Помог нам советом местный рыбак. Сев у старого пенька в заливе острова, мы быстро надергали сорожек и окунишек. Выставили жерлицы, и обратно шли уже не пустые. У каждого по две щучки ворочались в рюкзаках.
Среди проток и островов
Нужно ли было?
Каждое водохранилище имеет свою историю. Но, наверное, общее, что их объединяет, это спорность в целесообразности создания этих искусственных морей. Как уж там, в советское время, все это решалось, трудно сказать, но разработки «Самарагидропрокт» так или иначе, все же, привели к созданию Чебоксарского водохранилища, затопившего много заливных роскошных лугов, красивых лесов, полей и деревень с церквами и кладбищами.

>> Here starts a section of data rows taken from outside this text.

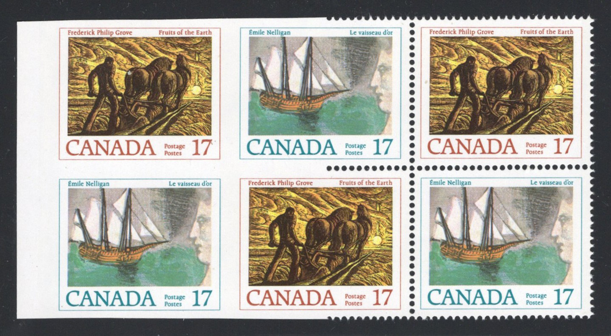 58 nh 818c image1979 17c Canadian Authors Block of Six, with Left Pair Imperforate, a mint never hinged se-tenant block of six, with left vertical pair completely imperforate, middle pair part-perforate and right pair normally perforated. A pristine example of this rare perforation variety.
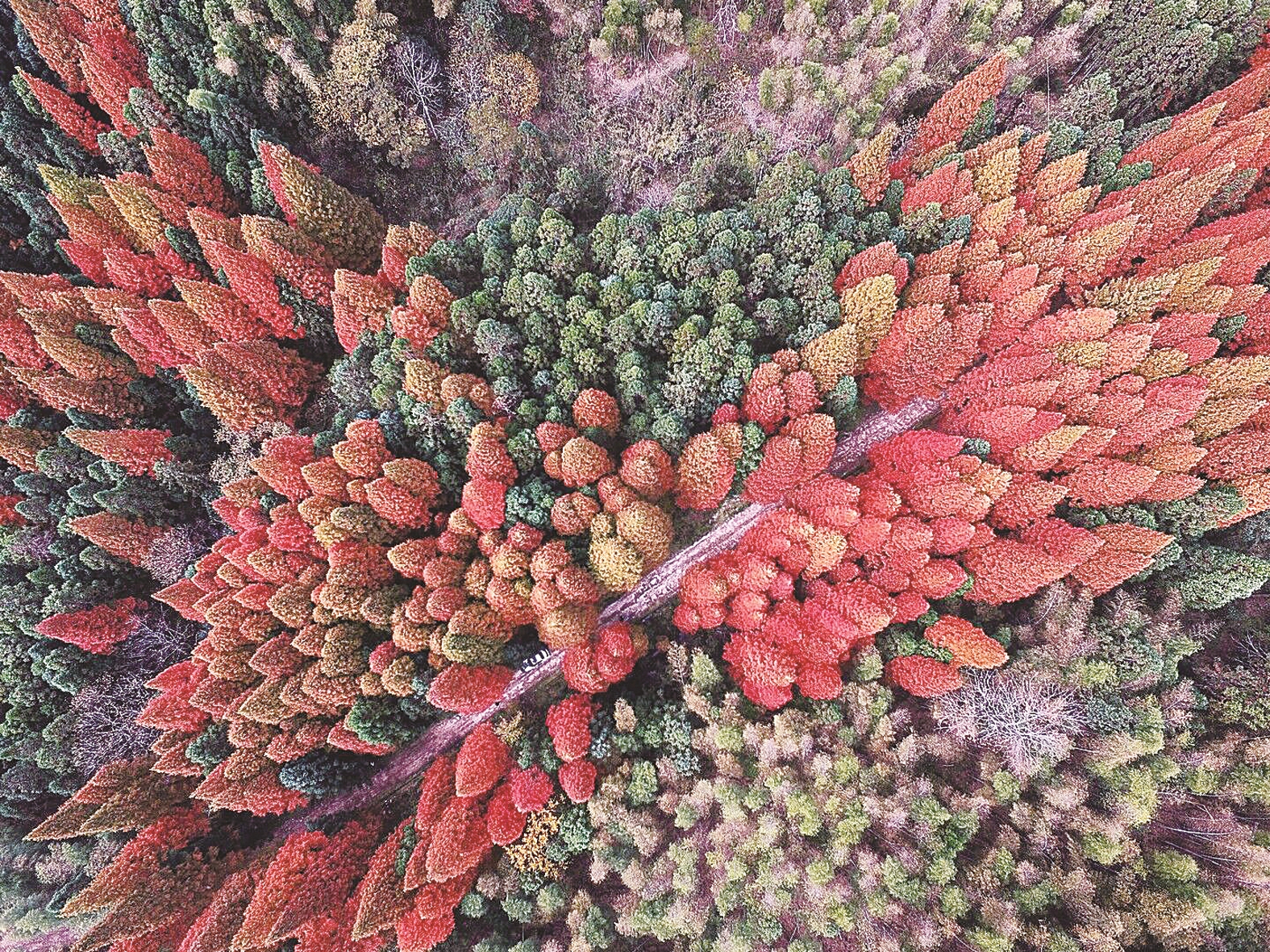 立冬时节,炎陵县神农谷森林公园礁石水杉林景点,满山的红橙黄绿各色林木竞相斗艳。
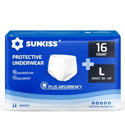Heavy absorbency: Sunkiss disposable incontinence underwear is designed to provide heavy absorbency and worry-free leak protection day and night. The top sheet quickly transfer the fluid and the core locks it to deliver maximum dryness.The material of this product is FSC-certified pulp Anti-leak barrier: Sunkiss incontinence protective underwear are flexible to move with you, interior leg gathers offer additional leakage barrier protection, with anti-leak barriers to guard against leaks, you will stay dry and be comfortable while sitting, standing or lying down. Advanced odor control: A super absorbent core with odor protection quickly wicks away fluid and locks it in the gelled core for overnight dryness. Odor control materials inside the core captures bad odors, delivering comfort and skin wellness. Extra soft: Sunkiss incontinence underwear made with extra soft fabric hugs your curves like regular underwear. Our protective product is natural rubber latex-free, lotion-free and fragrance-free, comfortable to wear and promotes healthy skin. Maximum breathable: Breathable fabric with superior softness provides exceptional fit and increases airflow to deliver maximum comfort.
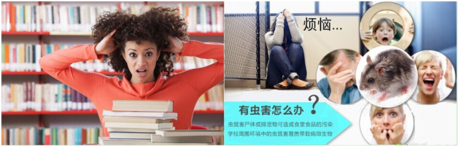 1、.虫鼠害尸体或排泄物可造成食堂食品的污染,给师生的身体健康带来巨大威胁。
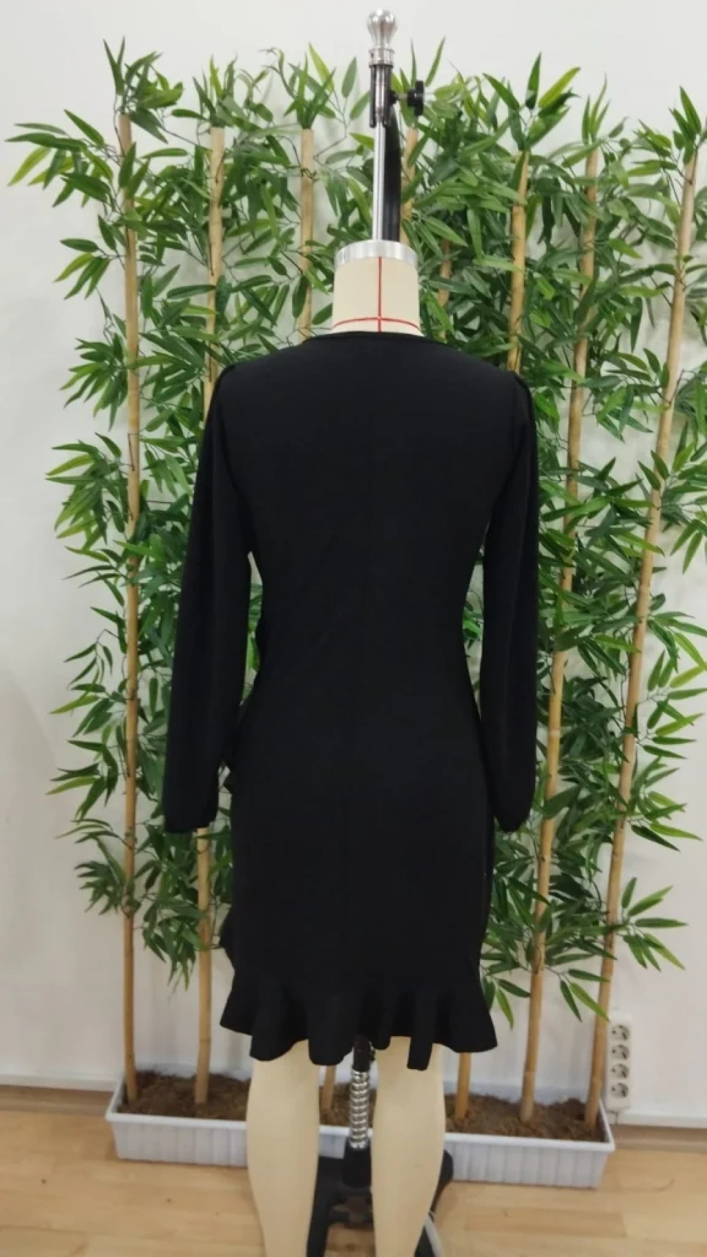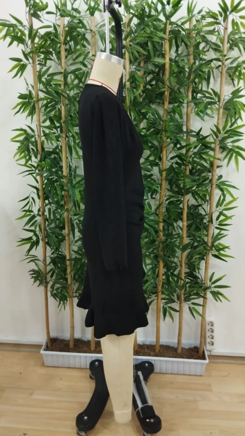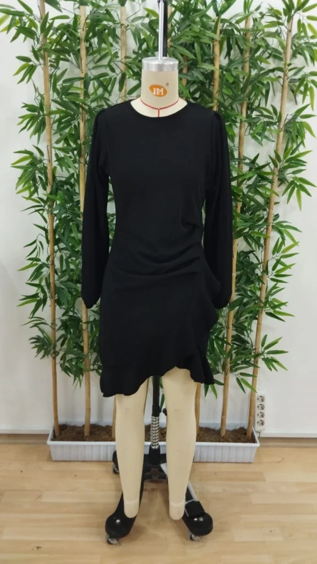 bysoca Kadın Bisiklet Yaka Uzun Balon Kollu Drapeli Eteği Fırfırlı Anvelop Mini Elbise - Siyah
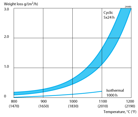 Cyclic oxidation at 1100°C (2010°F) for 5 x 24 h, with cooling to room temperature every 24 hours, gives a weight loss of less than 1.5 g /m2 h after removal of the oxide layer.
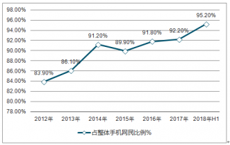 2012-2018年上半年中國(guó)手機(jī)即時(shí)通信用戶占整體手機(jī)網(wǎng)民比例走勢(shì)
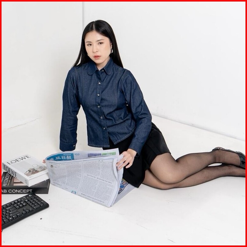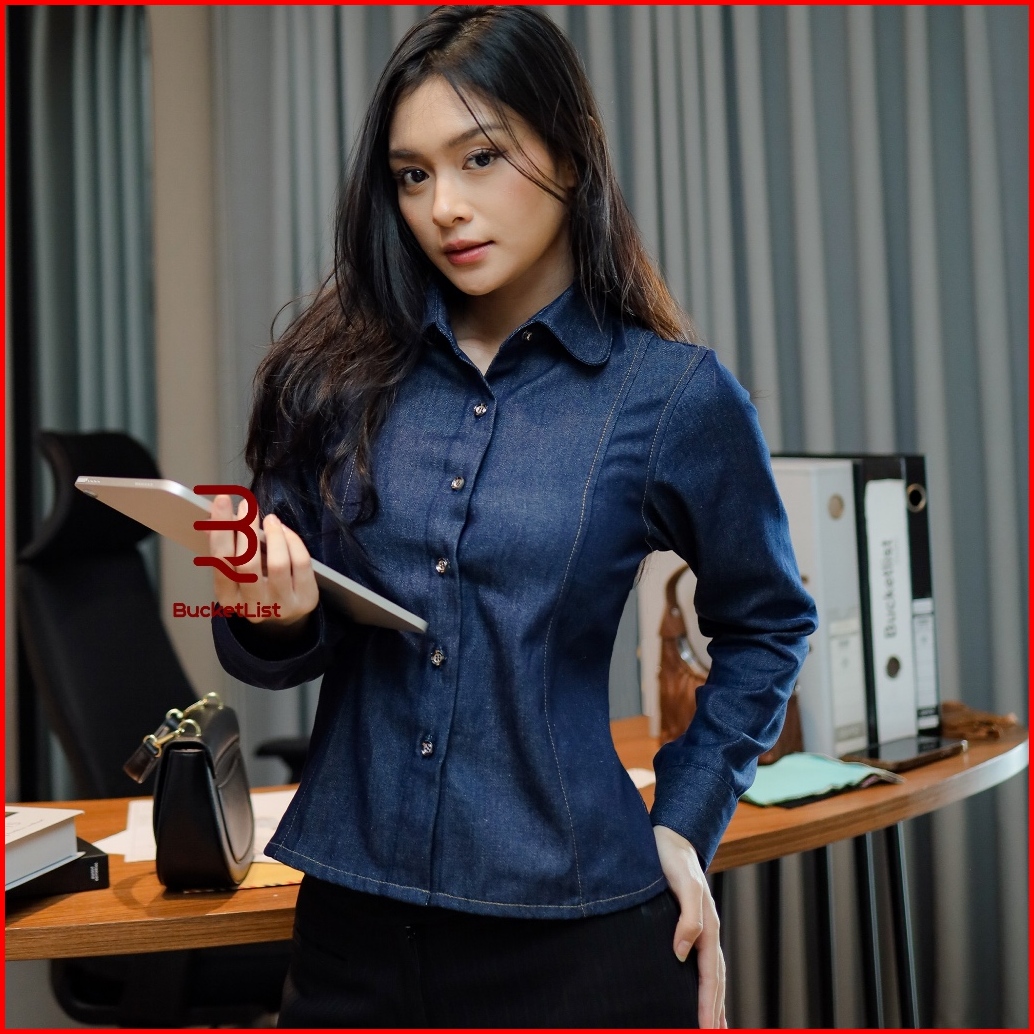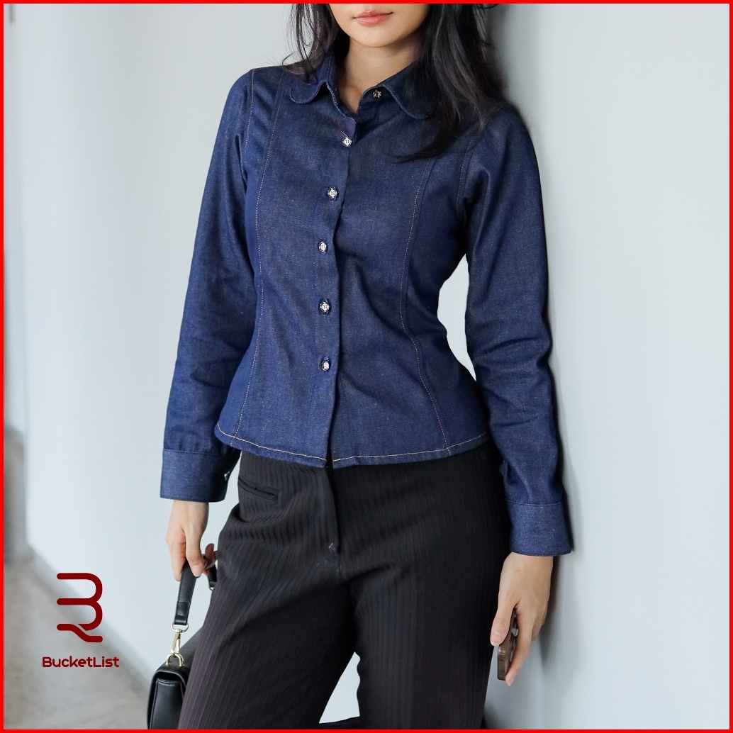 Yara Denim Fitted Jacket Shirt Denim Kemeja Kerja Wanita Casual
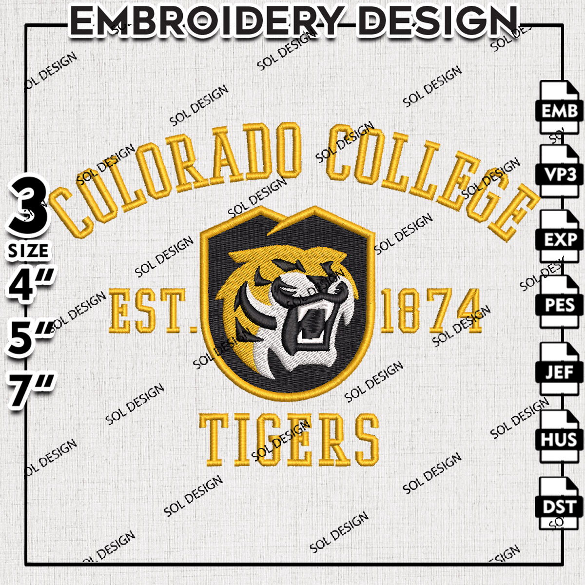 Colorado College Tigers Football Team Est Logo Embroidery Designs, NCAA Colorado College Tigers Machine Embroidery Files, NCAA Logo embroidery designs, Ncaa Colorado College Logo, Digital Download
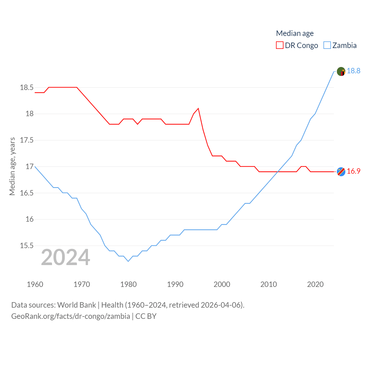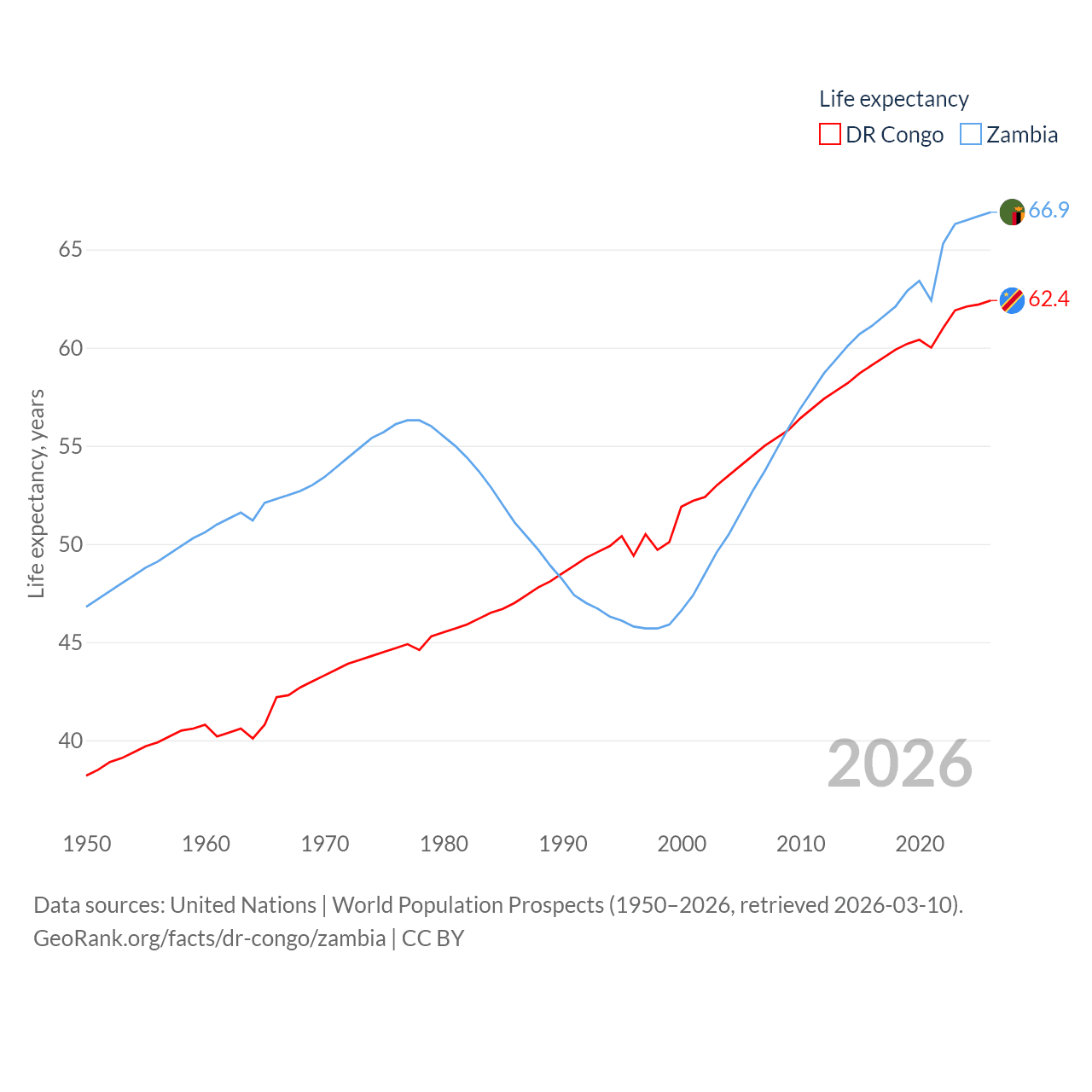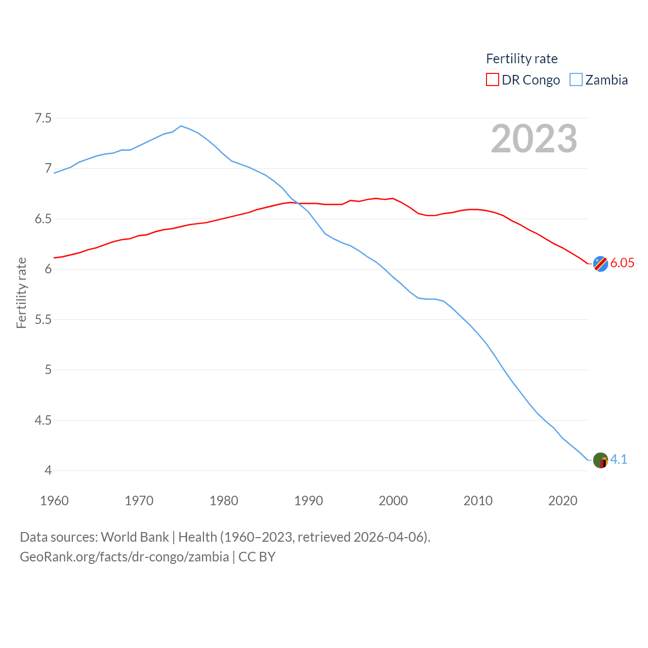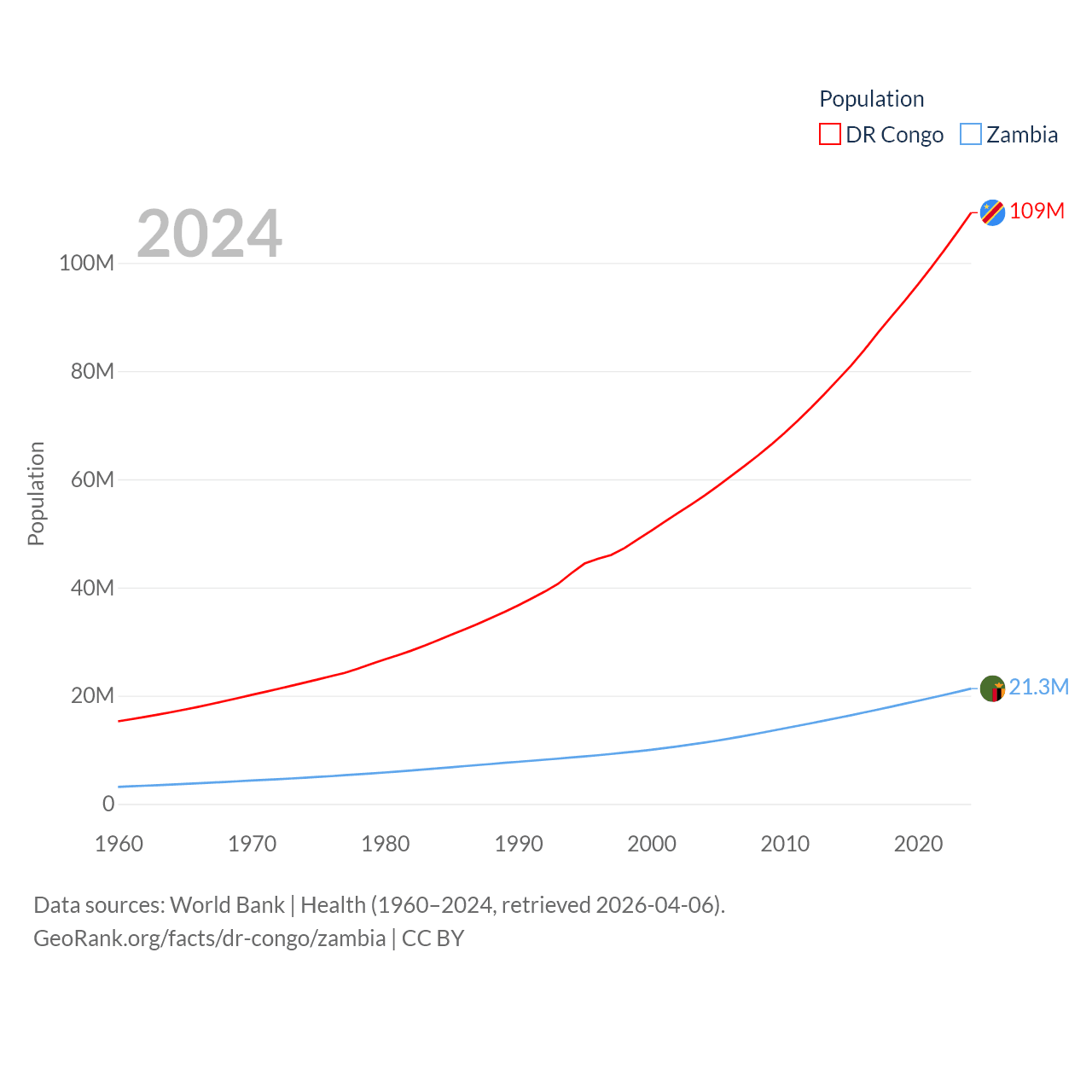 The DR Congo has a population of 109M (ranked 15/197), compared with 21.3M in Zambia (ranked 63/197). The DR Congo's land area is 875,313 sq mi versus 287,024 sq mi for Zambia (ranked 11th vs. 37th).

В крепких приволжских деревнях жили люди, кричали петухи на заре, рождались дети, уходили старики. Все это судьбы многих людей. В одночасье сгинули деревни, попав под затопление, в выселках поселились рыболовы и бродяги. Остатки дубовых рощ еще долго стояли над водной и ледовой гладью водохранилища. Громадный дуб был виден от коротнинской церкви за пять-шесть километров и долгие годы служил маяком-ориентиром. Но и он не выдержал напора шквалистых ветров и подводных течений. А может быть, просто спилили его зимой по уровню льда. Хотя и утверждали люди, отвечающие за вырубку леса в ложе водохранилища, мол, лес убран, но долгое время еще догнивали целые рощи березняков и дубов посреди Волги и особенно вблизи лесистых холмов, ставших потом берегом водохранилища. Будучи корреспондентом одной из газет, я предлагал одному ответственному чиновнику съездить на место и посмотреть своими глазами на «вырубленный» лес, но тот только делал официальное лицо и отделывался казенными фразами. А несуществующий на бумаге лес потом долго реально и фактически гнил и отравлял воду, превращая водохранилище в болото с дохлой рыбой, лежащей на отмелях или плавающей беспомощно поверху с червями в брюхе.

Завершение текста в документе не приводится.